I'm posting the match report I wrote for yesterday's league game. i wouldn't normally put this here, but this wasn't just any old match, enjoy.
It would be a memorable Saturday morning mostly for the wrong reasons on match day 20 in the PFL. Partisan would have remembered their 3-2 loss at the hands of Bohemians earlier this season, so we knew not to take these wily elder statesmen lightly. There were some notable absentees from the decorated veterans. The fabled “grey fox”, who singlehandedly beat partisan with his hat trick back in the fall was traded in for a humpty-dumpty version of a striker (more on him later), and a certain one armed right back also didn’t make the trip out east.

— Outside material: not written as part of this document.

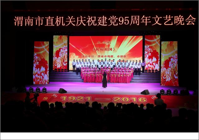 6月28日晚,在喜迎建党95周年和全党上下深入开展“两学一做”学习教育活动之际,渭南 市直机关庆祝建党95周年文艺晚会在渭南市文化艺术中心隆重上演。由市科协、市侨联、市妇联、市残联、市总工会、市贸促会6家单位联合带来的大合唱《祝福祖国》,唱出了中华民族伟大复兴中国梦的新篇章。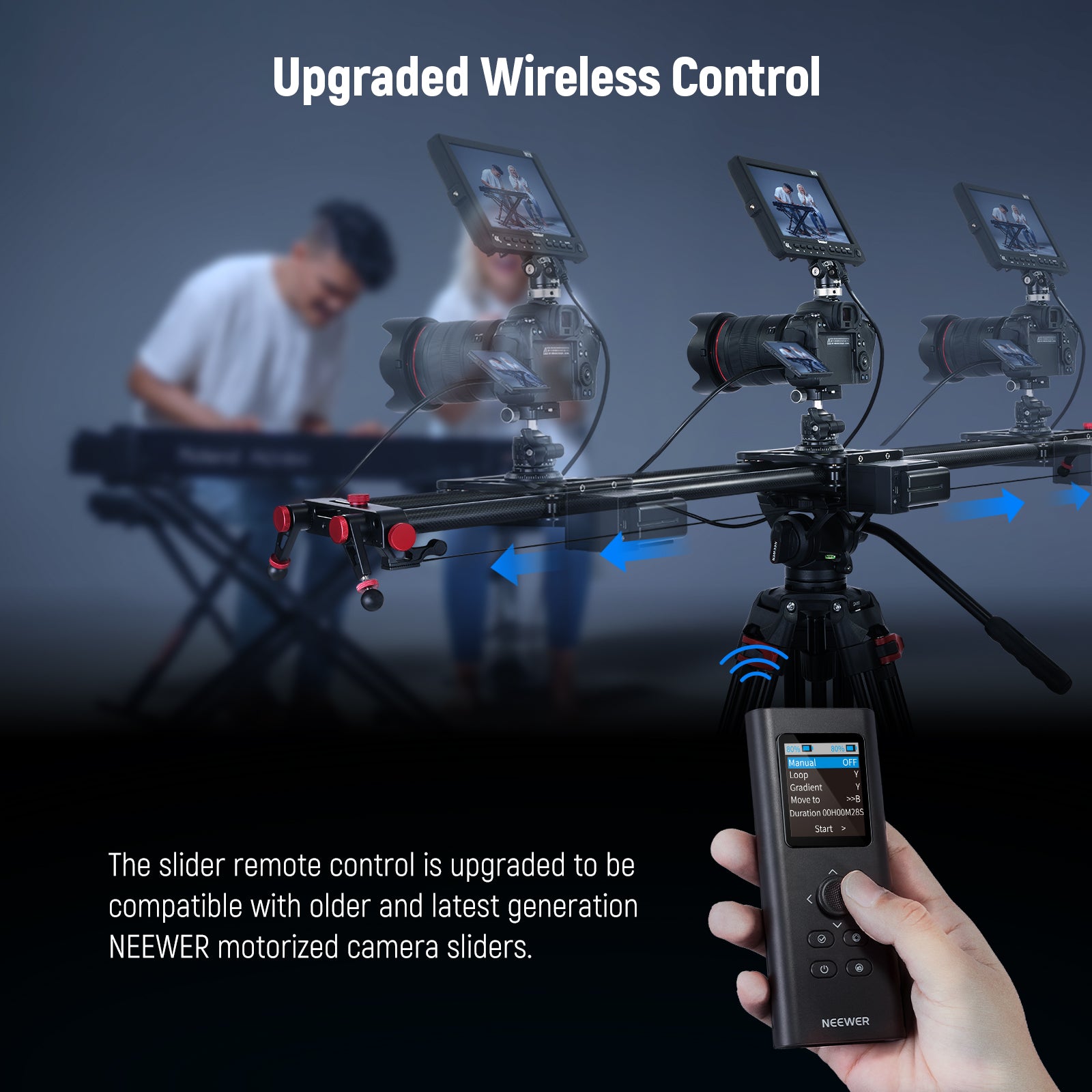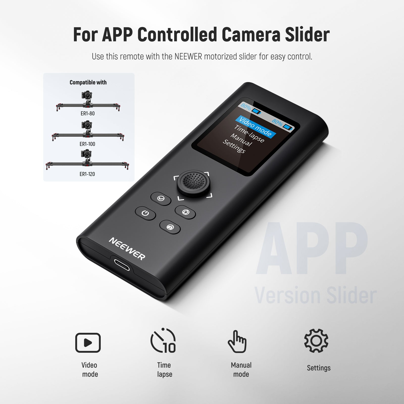 - Upgraded Wireless Control- The slider remote is upgraded to be compatible with both the older generation and the newest generation of NEEWER Motorized camera slider, including the VS-80WC/VS-100WC 2.4G motorized camera slider and the ER1 series App-controlled motorized slider (ER1-120, ER1-100, and ER1-80). Get one now to pair with your NEEWER slider to achieve easy control

Partisan were looking sharp early, creating a couple of chances through some nice passing through the middle. Pj, Shaz, Dave and myself all had decent shooting opportunities, but none of us could make it count. It was an encouraging start and once Partisan were able to slow themselves down and play disciplined, it would only be a matter of time before the breakthrough would come. Radek and the rest of the defense didn’t have much to do in the first half, and Bohemians weren’t giving Partisan much trouble at all with the center back pairing of Garrett and Theo looking especially comfortable. There was one nice diagonal ball played through which gave humpty half a chance to lob the keeper, but Radek made himself big and saved well and humpty went down in a heap as if he’d been knifed by Radek’s flailing hand.

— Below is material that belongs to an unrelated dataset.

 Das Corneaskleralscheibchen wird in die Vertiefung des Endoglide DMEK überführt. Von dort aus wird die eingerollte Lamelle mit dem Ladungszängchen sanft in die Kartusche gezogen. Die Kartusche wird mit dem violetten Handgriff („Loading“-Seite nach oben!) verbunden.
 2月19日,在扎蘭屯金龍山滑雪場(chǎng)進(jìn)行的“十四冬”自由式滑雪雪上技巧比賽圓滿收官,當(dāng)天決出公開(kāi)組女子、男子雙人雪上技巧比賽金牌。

The opening goal finally came around 30 minutes with Dave sending a nice through ball for Dammy who showed his teammates how to finish, rifling his low left footed shot just inside the far post from a tough angle. 1-0 Partisan.
Just before half time the entire complexion of the game was changed. After the referee had given a few yellow cards for some fairly innocuous looking fouls, Partisan were shocked to find themselves on the right end of a controversial decision. PJ and their big capitan of a centerback were both going for a ball inside the Bohemians’ penalty area, when PJ got there first and was shoved off the ball illegally so deemed the referee. Despite a certain number 8’s best effort to put Garrett off by moving the ball after he had already placed it, (stay classy praha) old man parker coolly dispatched the penalty into the top left hand corner leaving the magenta-flowered clad keeper no chance, (his shirt was never going to escape this match report) 2-0 halftime.

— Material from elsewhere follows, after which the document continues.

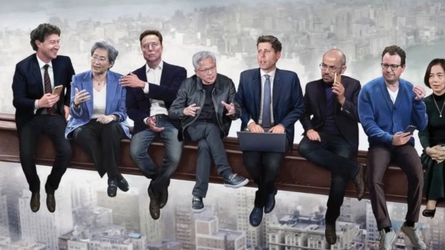 《时代》杂志发布封面图,借用了美国当年兴建帝国大厦时的一张经典照片:一群科技领袖,坐在一根高空钢梁上,包括英伟达CEO黄仁勋、超微半导体CEO苏姿丰,以及世界首富马斯克等人。

The second half started similar to the first, and just 5 minutes in partisan had their third. After taking countless goal kicks short, their center back decided to go for the long one and kind of scuffed a low line drive, which Dammy headed straight to Shaz who was left unmarked right at the top of the box. He had more than enough time to pick his spot and deposit his shot safely into the bottom left-hand corner, the third in a trio of excellent finishes on the day. Unfortunately there wouldn’t be any more finishing or anything for that matter, because what would come next would be a footballing or should I say sporting first for everyone in attendance.
After a fairly routine contest between Shaz and their center back trying to see the ball out for a corner, the ball went out for a goal kick. There were some protests perhaps as to whether Shaz committed a foul, should have been booked, or what have you. Humpty who was now the active linesman had seen enough, and threw in the proverbial towel for his team, by flinging his linesman’s flag in the general direction of the referee. On humpty’s nonchalant stroll back to the bench he uttered a no-no word, to which the ref told him to hit the showers, showed him a red card. Humpty didn’t take very kindly to that. Before we knew it, the supposed former Olympic bronze medalist weightlifter champion (maybe special Olympics because Wikipedia disagrees) had cling-jerked the poor ref into a bear hug and hoisted him high over his head and was calculating his next move. When he first picked him up, it almost seemed comical, but the look on the ref’s face told a different story as he went limp as a fish and was making a concerted effort to not fight back presumably as he’d been trained to do in such circumstances. Anyway, much to Christos’ disappointment, the ref wasn’t suplexed, but rather placed carefully into the undersized waste bin, and sort of shoved into the netting there.
Understandably, the match was immediately abandoned with little protest, especially from the bohemians players who seemed relatively amused by the entire episode.
This was a new low, even for this sorry excuse of a league. Things like this make me glad that I grew up with proper coaches and role models who taught me how to play the game the right way. Where the Prague league can go from here is anyone’s guess.
Special mention to Endre who went above and beyond the call of duty and escorted/drove the ref back to his home where could only try to get on with his day.